* **WHAT TO PRODUCE**
When you write out the listing, keep every word as it stands and drop the pictures.

* **INFORMATION PROVIDED**
"""

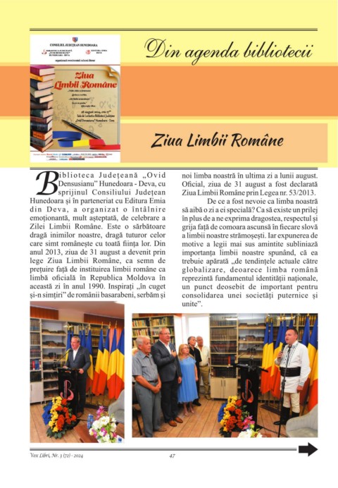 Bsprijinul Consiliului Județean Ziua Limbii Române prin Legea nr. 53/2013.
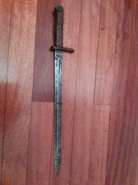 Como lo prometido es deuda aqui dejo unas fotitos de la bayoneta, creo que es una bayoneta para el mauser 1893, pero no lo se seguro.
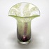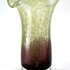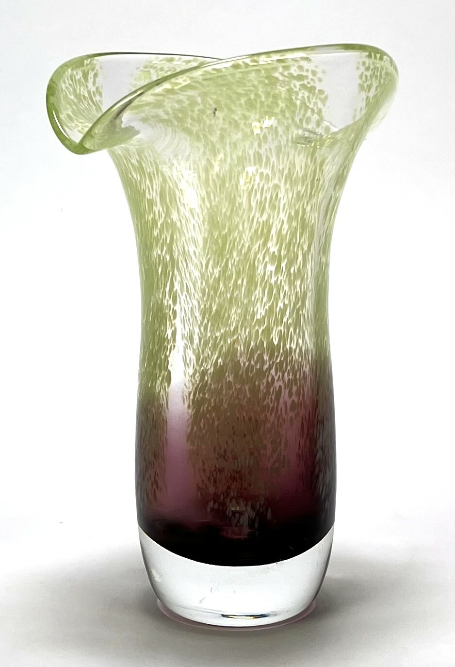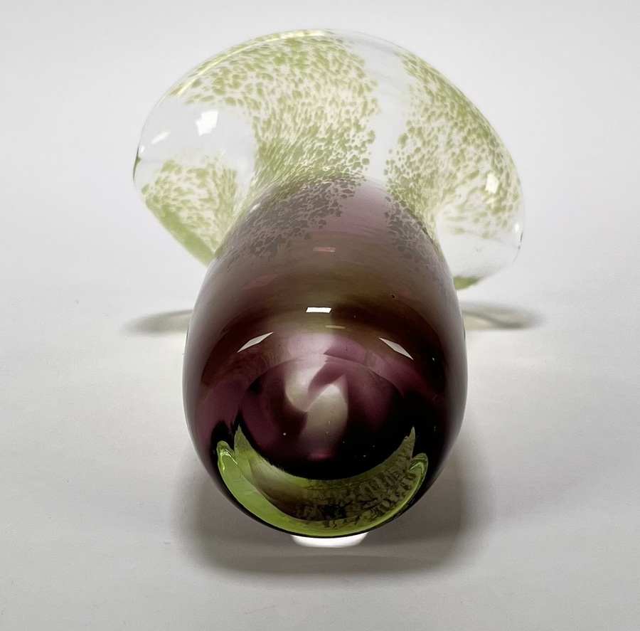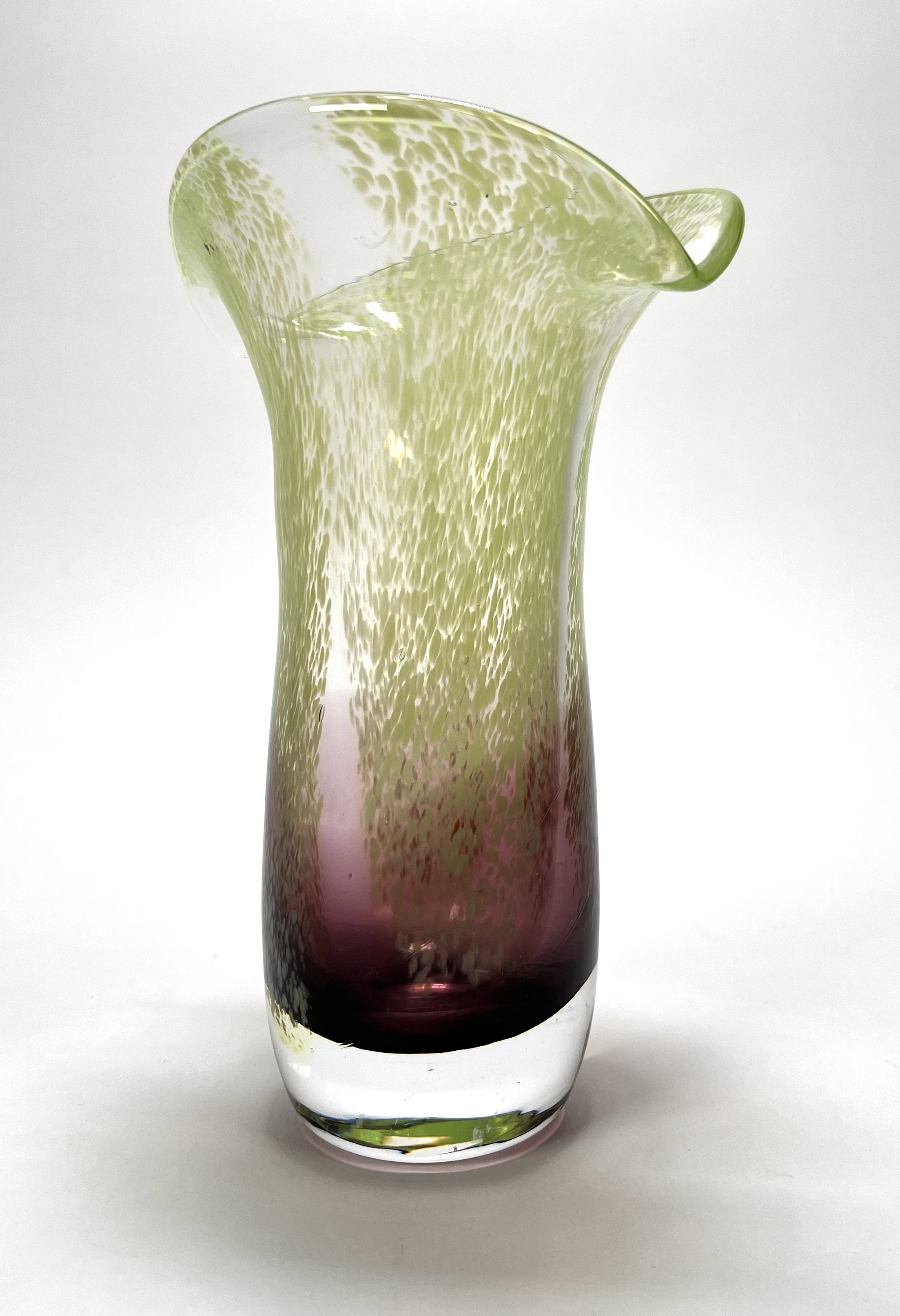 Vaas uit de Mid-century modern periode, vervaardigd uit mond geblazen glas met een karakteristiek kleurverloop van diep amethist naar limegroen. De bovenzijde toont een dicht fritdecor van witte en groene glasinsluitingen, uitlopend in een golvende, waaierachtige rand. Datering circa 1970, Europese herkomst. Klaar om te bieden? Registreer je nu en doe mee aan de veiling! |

"""

* **SOLUTION TO THE PROBLEM**
 Bsprijinul Consiliului Județean Ziua Limbii Române prin Legea nr. 53/2013.
 Como lo prometido es deuda aqui dejo unas fotitos de la bayoneta, creo que es una bayoneta para el mauser 1893, pero no lo se seguro.
 Vaas uit de Mid-century modern periode, vervaardigd uit mond geblazen glas met een karakteristiek kleurverloop van diep amethist naar limegroen. De bovenzijde toont een dicht fritdecor van witte en groene glasinsluitingen, uitlopend in een golvende, waaierachtige rand. Datering circa 1970, Europese herkomst. Klaar om te bieden? Registreer je nu en doe mee aan de veiling! |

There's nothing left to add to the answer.